REQUIREMENT: When writing out the listing below, reproduce every word exactly and skip the pictures.

INFORMATION SHOWN START

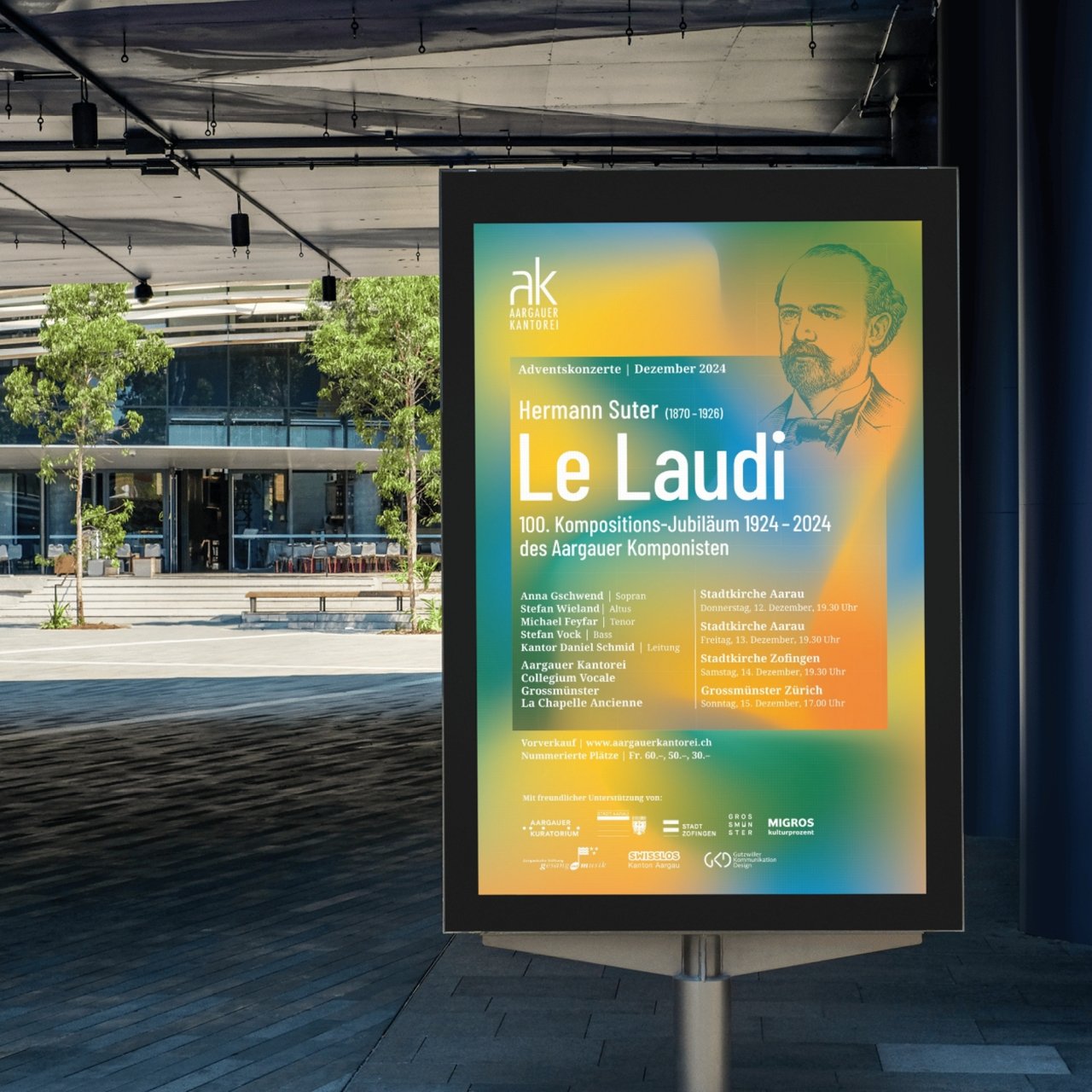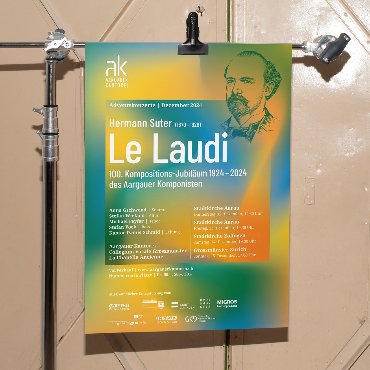 Das Adventskonzert der Aargauer Kantorei bildet den feierlichen Abschluss des musikalischen Jahres. Dieses Jahr erstrahlt «Le Laudi» von Hermann Suter in warmen, goldenen Farben, die die emotionale Tiefe und den festlichen Charakter des Werks eindrucksvoll unterstreichen. Passend dazu haben wir das visuelle Konzept abgestimmt und Hermann Suter im klassisch illustrativen Stil interpretiert.
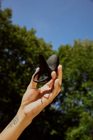 Utiliser la télécommande pour sélectionner un mode de vibration et/ou donner le contrôle à un·e partenaire. -
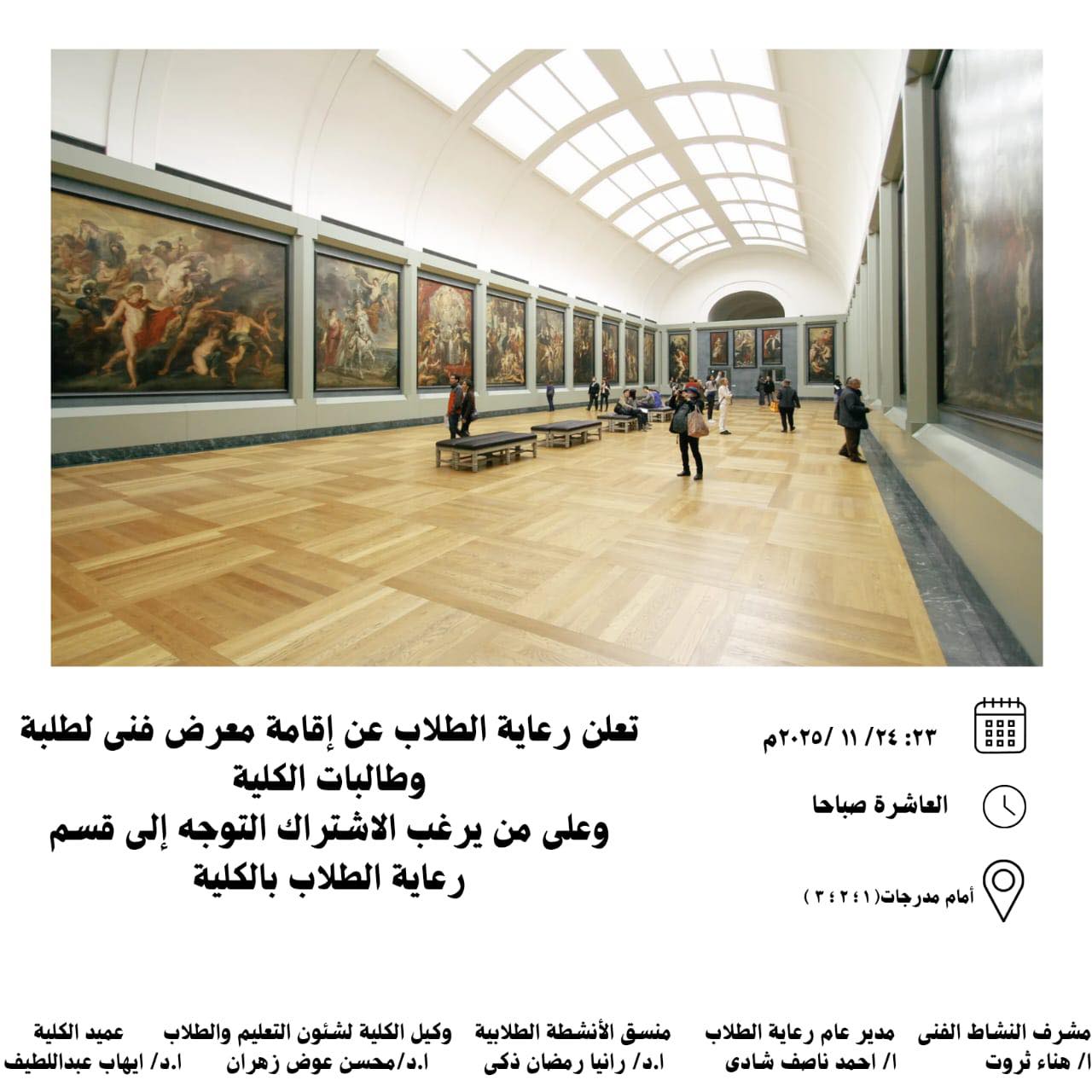 ويدعو جميع الموهوبين للمشاركة بأعمالهم الفنية، حيث يُعد المعرض فرصة مميزة لإظهار إبداعات الطلبة وتنمية مهاراتهم وتعزيز روح المشاركة والابتكار داخل الكلية.

INFORMATION SHOWN END

ANSWER BELOW:
 Das Adventskonzert der Aargauer Kantorei bildet den feierlichen Abschluss des musikalischen Jahres. Dieses Jahr erstrahlt «Le Laudi» von Hermann Suter in warmen, goldenen Farben, die die emotionale Tiefe und den festlichen Charakter des Werks eindrucksvoll unterstreichen. Passend dazu haben wir das visuelle Konzept abgestimmt und Hermann Suter im klassisch illustrativen Stil interpretiert.
 Utiliser la télécommande pour sélectionner un mode de vibration et/ou donner le contrôle à un·e partenaire. -
 ويدعو جميع الموهوبين للمشاركة بأعمالهم الفنية، حيث يُعد المعرض فرصة مميزة لإظهار إبداعات الطلبة وتنمية مهاراتهم وتعزيز روح المشاركة والابتكار داخل الكلية.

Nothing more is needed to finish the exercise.